START Records for this exercise

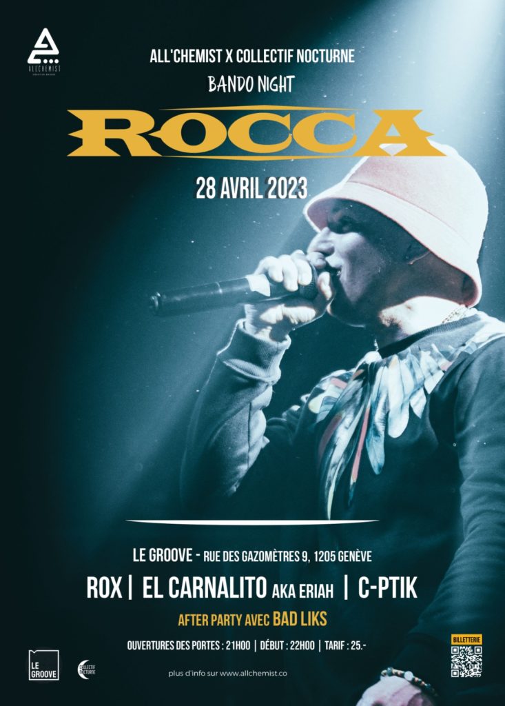 1ère partie : Les rappeurs genevois Rox, El Carnalito aka Eriah et C-Ptik vont mettre le feu sur scène et te chauffer avant le grand show de Rocca.
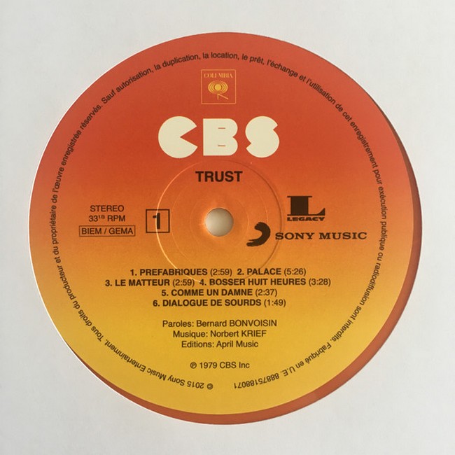 Фірмова вінілова платівка (VINYL)Trust is a French hard rock band founded in 1977 and popular in Europe in the first half of the 1980s. The band is best known for guitarist Norbert "Nono" Krief's prowess, for Bernard "Bernie" Bonvoisin's voice reminiscent of AC/DC's Bon Scott and for his lyrics about social and political themes. Iron Maiden's drummers Nicko McBrain and Clive Burr were part of Trust line-up in the 1980s. The band disbanded in 1985 and reformed in the 2000s for live shows and new recordings.
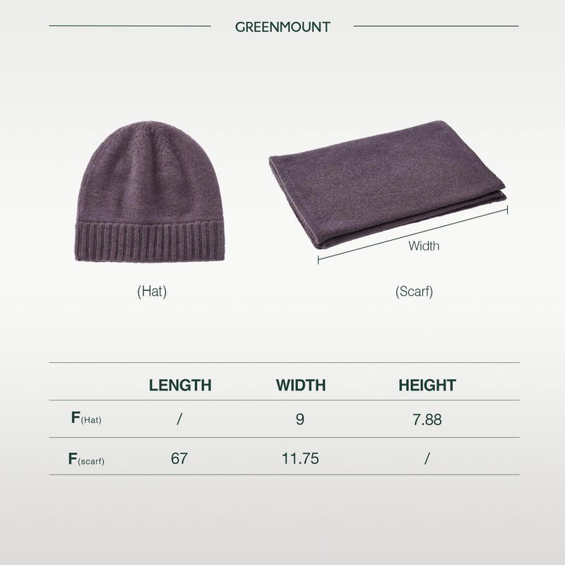 GreenMount Women 100% Pure Cashmere Beanie Hat & Cashmere Scarf Set With Gift Box for Women Winter Plant Dyeing
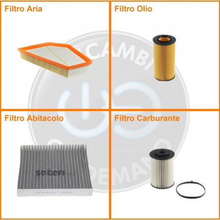 ComposizioneFiltro abitacolo ai carboni attivi, Filtro aria, Filtro gasolio, Filtro olio
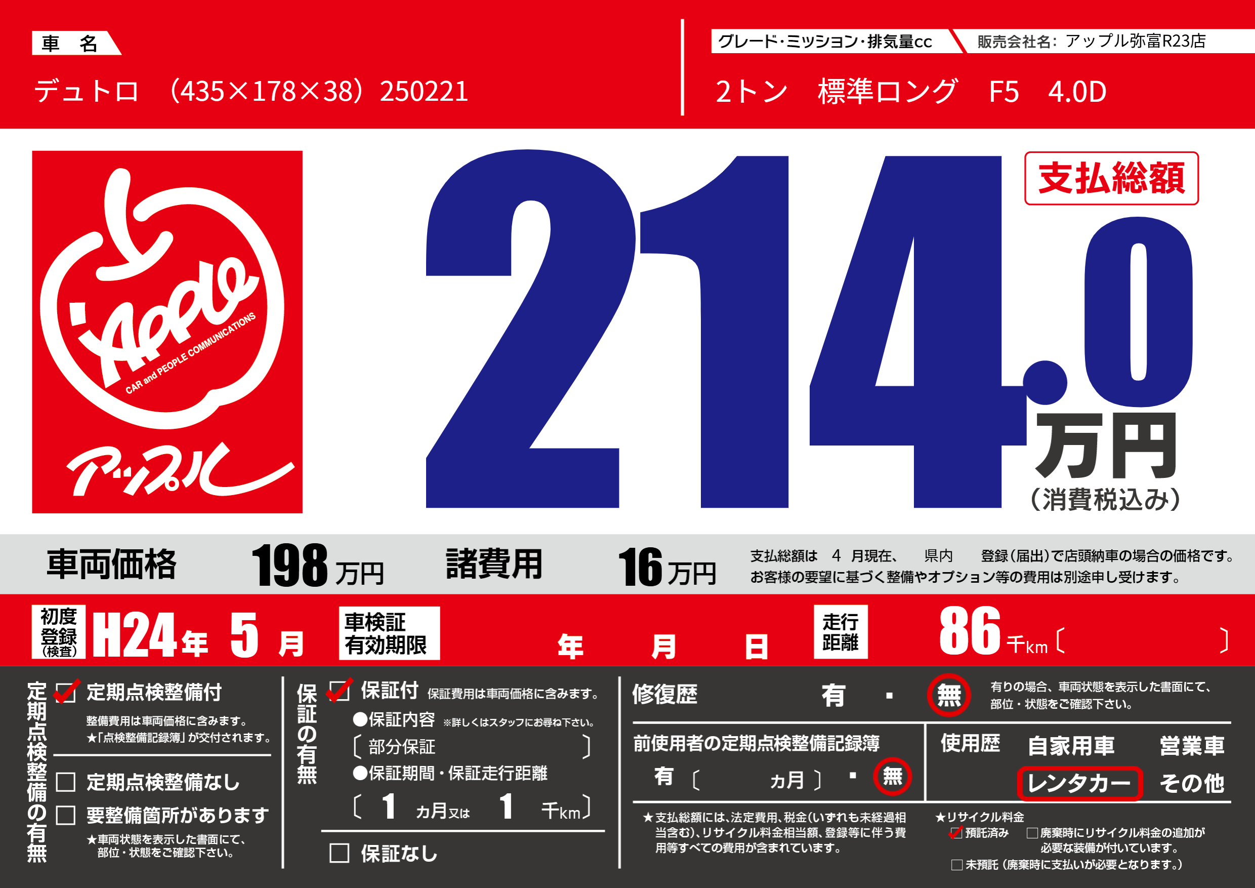 | 車名 | デュトロ (435×178×38)250221 | グレード ミッション 排気量 |

END Records for this exercise

Your task ->
The expected output is an exact copy of the lines from the top of the data above through the line containing "Фірмова вінілова платівка", both included, with every picture omitted.

Written solution ->
 1ère partie : Les rappeurs genevois Rox, El Carnalito aka Eriah et C-Ptik vont mettre le feu sur scène et te chauffer avant le grand show de Rocca.
 Фірмова вінілова платівка (VINYL)Trust is a French hard rock band founded in 1977 and popular in Europe in the first half of the 1980s. The band is best known for guitarist Norbert "Nono" Krief's prowess, for Bernard "Bernie" Bonvoisin's voice reminiscent of AC/DC's Bon Scott and for his lyrics about social and political themes. Iron Maiden's drummers Nicko McBrain and Clive Burr were part of Trust line-up in the 1980s. The band disbanded in 1985 and reformed in the 2000s for live shows and new recordings.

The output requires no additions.